Items from a data source

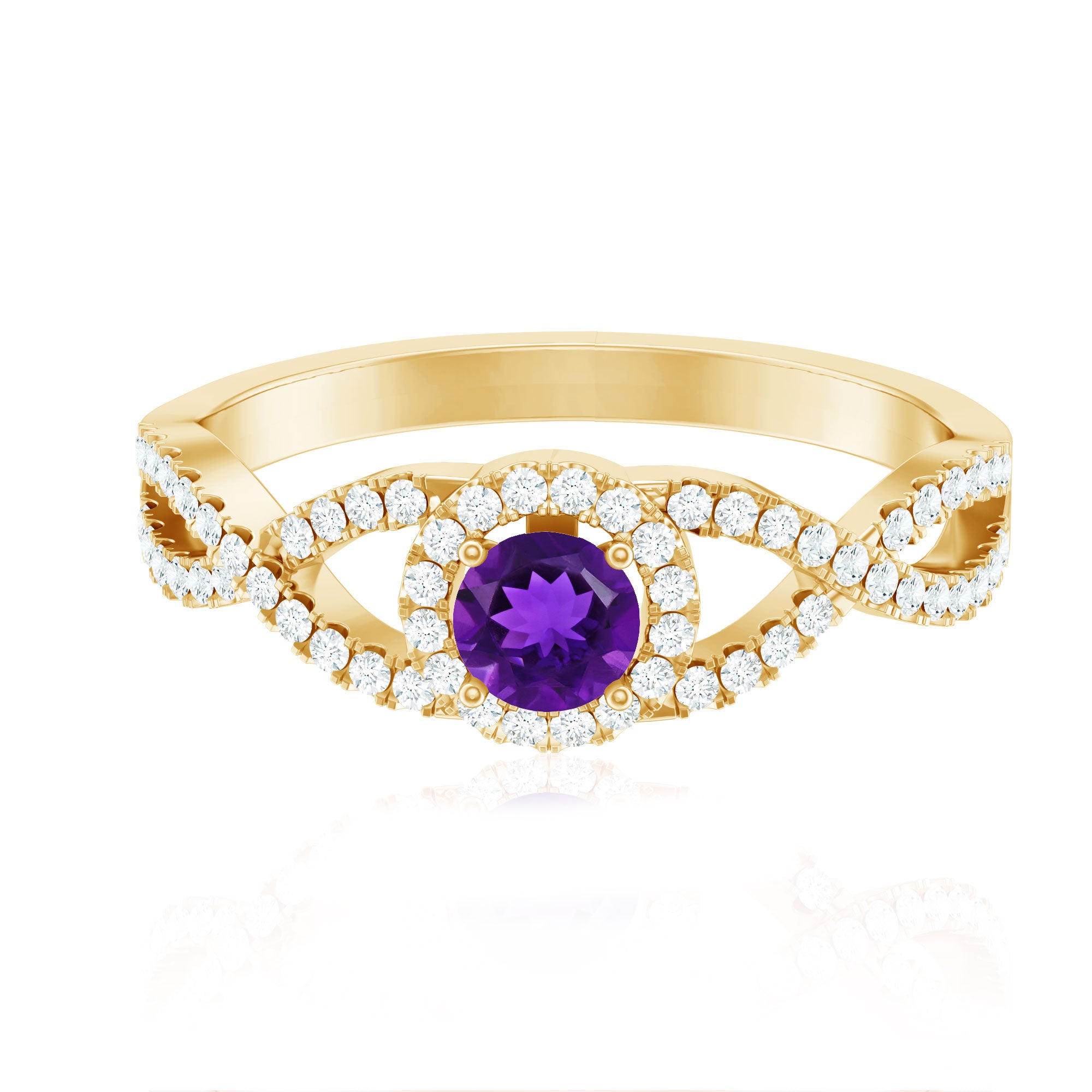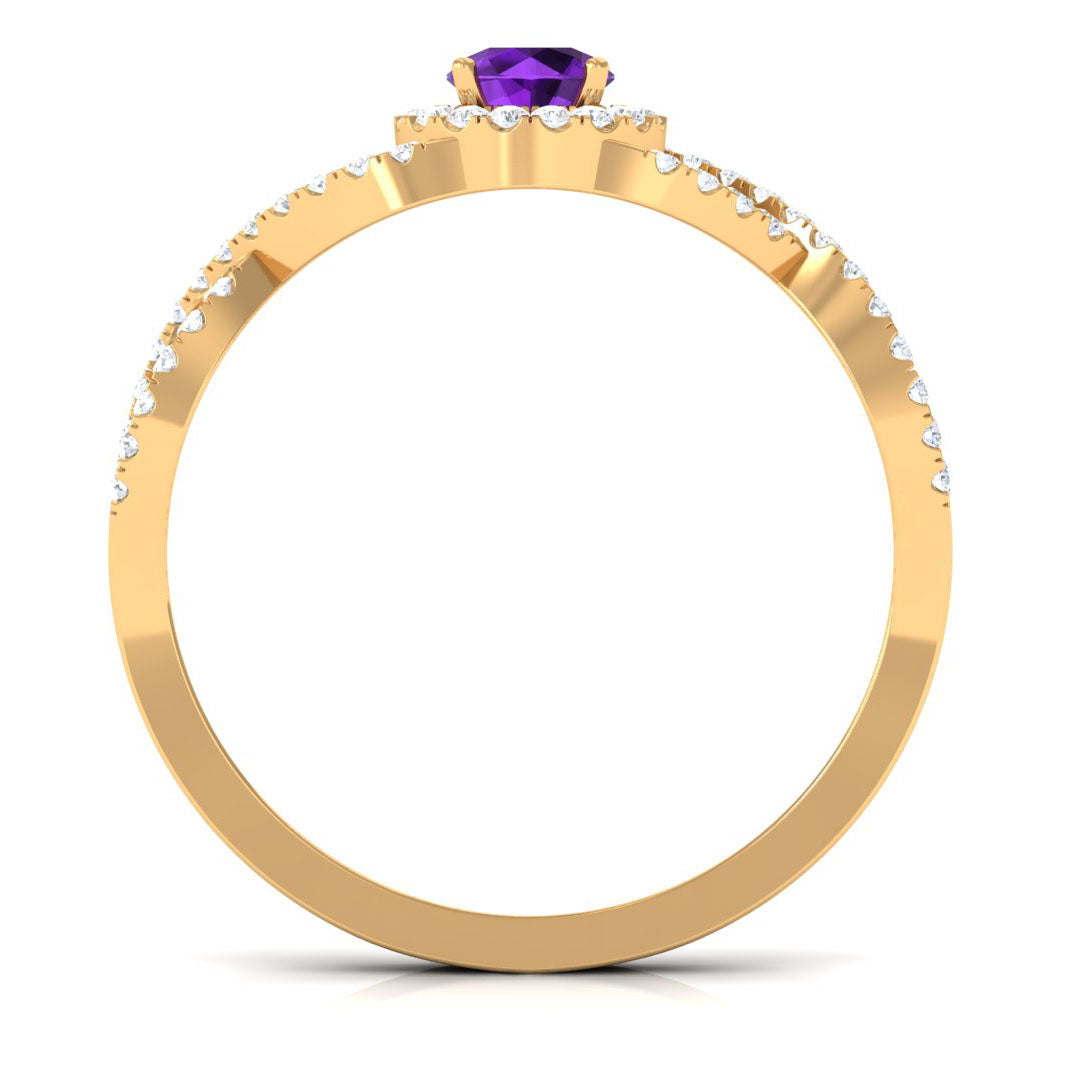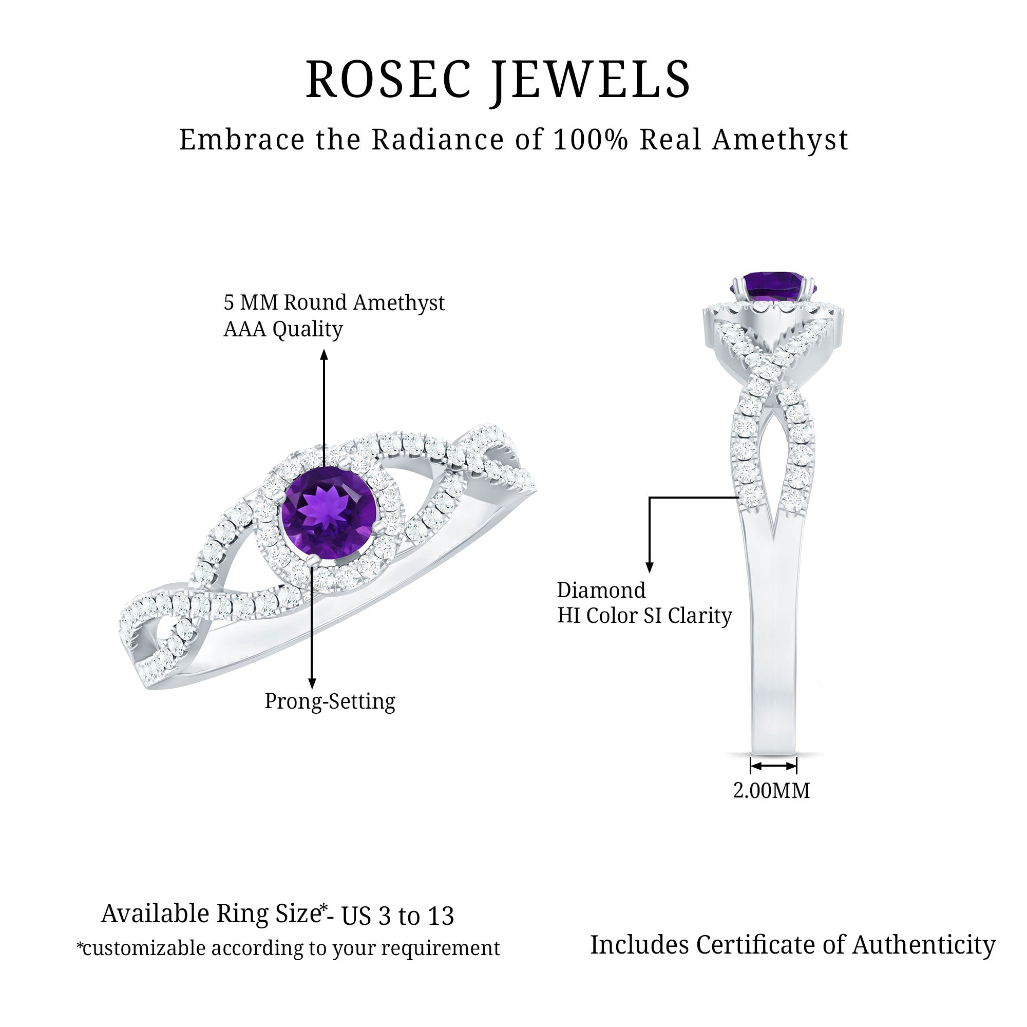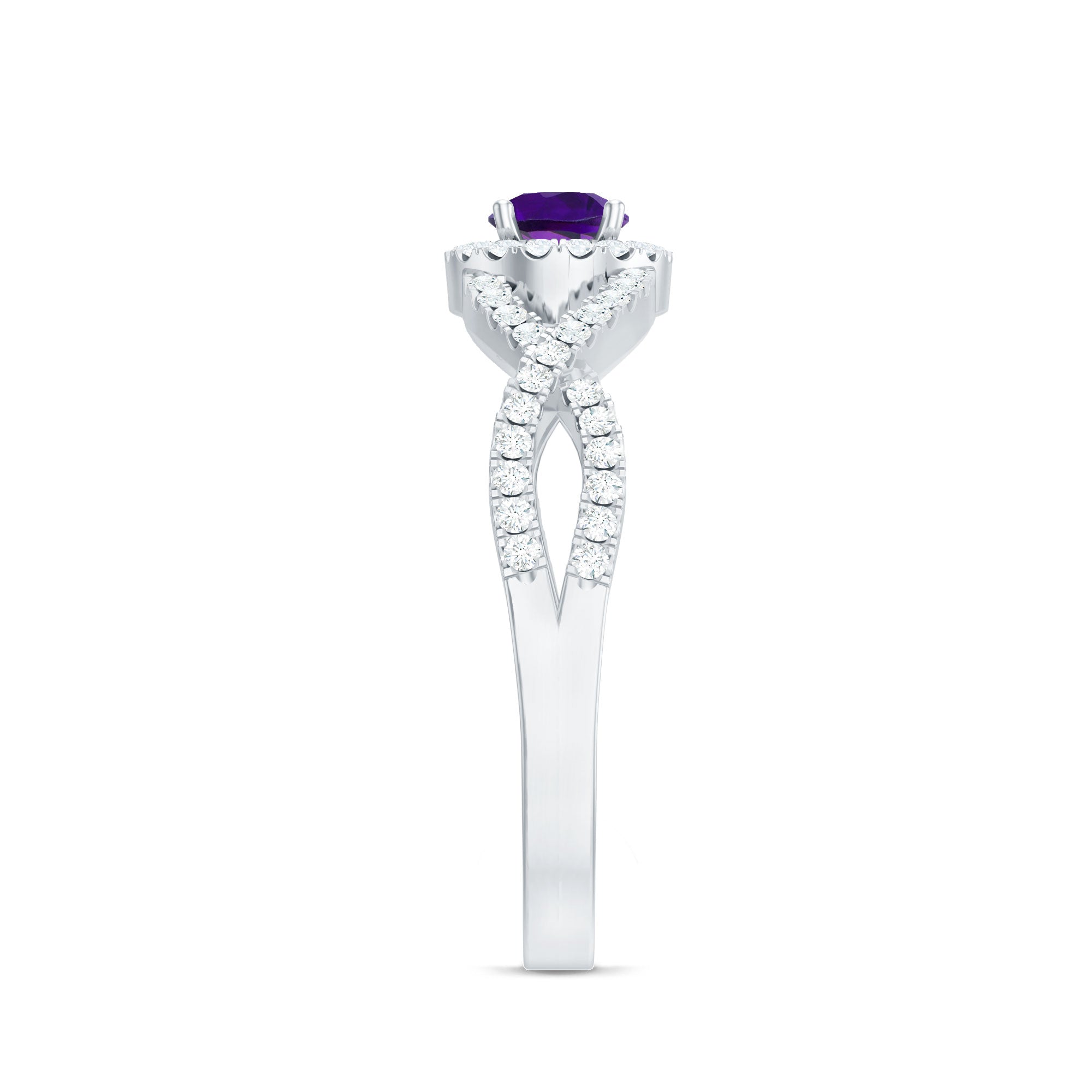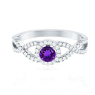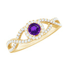 Round Amethyst and Diamond Criss Cross Engagement Ring
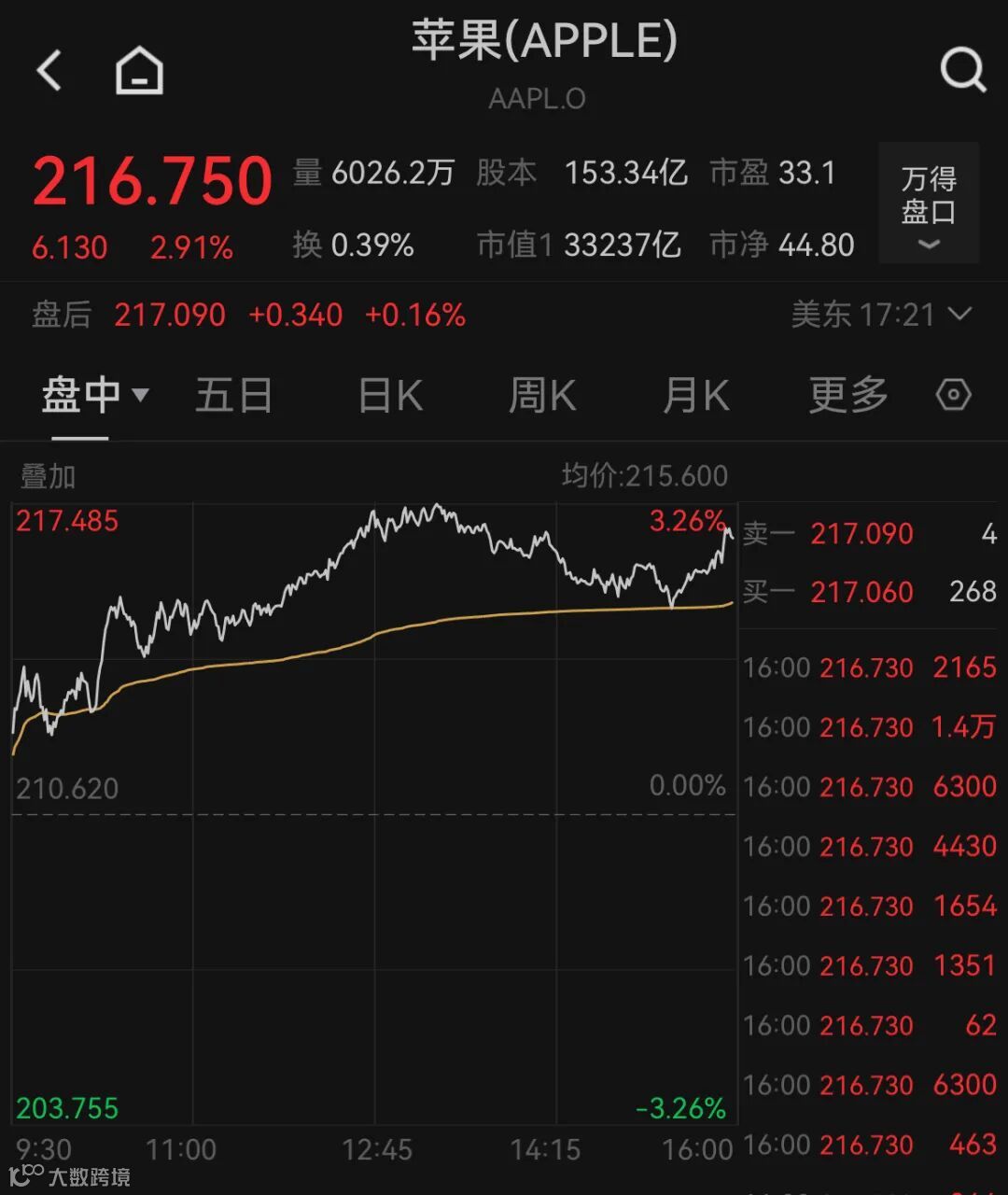 科技股领涨,纳指创收盘历史新高。苹果收涨2.91%,报216.75美元/股,创收盘历史新高。
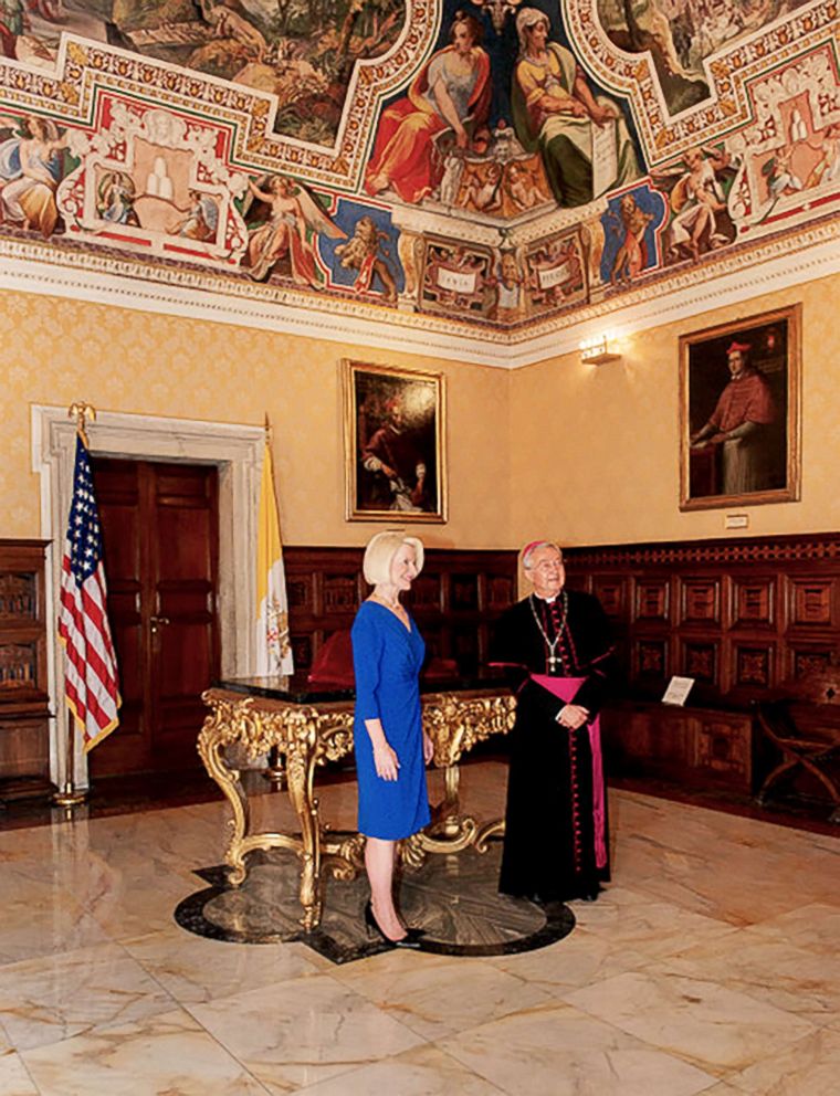 U.S. Ambassador to the Holy See, Callista L Gingrich, delivered the letter Vatican’s Archivist and Librarian, Archbishop Jean-Louis Bruguès and the Library’s Prefect, Bishop Cesare Pasini.
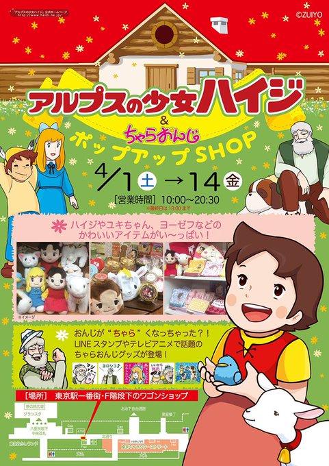 東京駅一番街にて期間限定「アルプスの少女ハイジとちゃらおんじポップアップSHOP」がOPEN! (場所)東京駅一番街・地下1階[F]階段下のワゴンショップ【ホームページ】https://t.co/AvkAeOSZTG
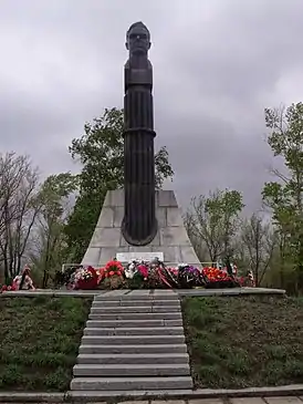 Первый памятник на месте гибели космонавта был установлен в 1967 году силами тринадцатой ракетной Оренбургской дивизии[5]. Он представлял собой стелу из сварного листового металла, на который был укреплён фотопортрет Комарова и выбито изображение женщины, держащей над рукой лепесток огня. Ниже находилась надпись:
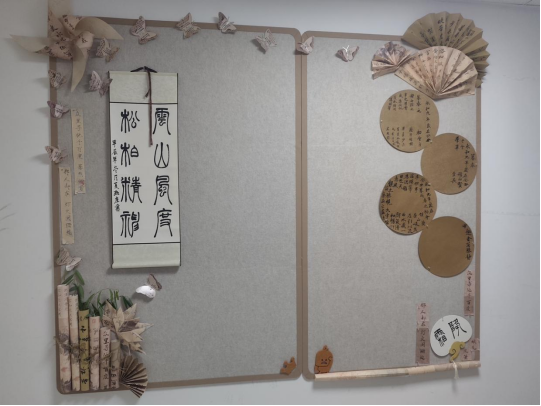 同学们挥毫泼墨,用心书写每一个汉字,横竖有情,撇捺传意。一幅幅整洁美观的书法作品呈现在大家眼前,或笔锋出众、或疏密有致、或排列得当、或运笔稳健,充分展现了同学们扎实的书法功底。这些精心创作的书法作品被张贴在文化墙上,形成一道亮丽的风景线,吸引众多师生驻足欣赏。

■ Prompt ■
Write out, word for word, the lines from the first line of the entries through the one containing "Первый памятник на", both included. Leave out the pictures.

■ Finished exercise ■
 Round Amethyst and Diamond Criss Cross Engagement Ring
 科技股领涨,纳指创收盘历史新高。苹果收涨2.91%,报216.75美元/股,创收盘历史新高。
 U.S. Ambassador to the Holy See, Callista L Gingrich, delivered the letter Vatican’s Archivist and Librarian, Archbishop Jean-Louis Bruguès and the Library’s Prefect, Bishop Cesare Pasini.
 東京駅一番街にて期間限定「アルプスの少女ハイジとちゃらおんじポップアップSHOP」がOPEN! (場所)東京駅一番街・地下1階[F]階段下のワゴンショップ【ホームページ】https://t.co/AvkAeOSZTG
 Первый памятник на месте гибели космонавта был установлен в 1967 году силами тринадцатой ракетной Оренбургской дивизии[5]. Он представлял собой стелу из сварного листового металла, на который был укреплён фотопортрет Комарова и выбито изображение женщины, держащей над рукой лепесток огня. Ниже находилась надпись:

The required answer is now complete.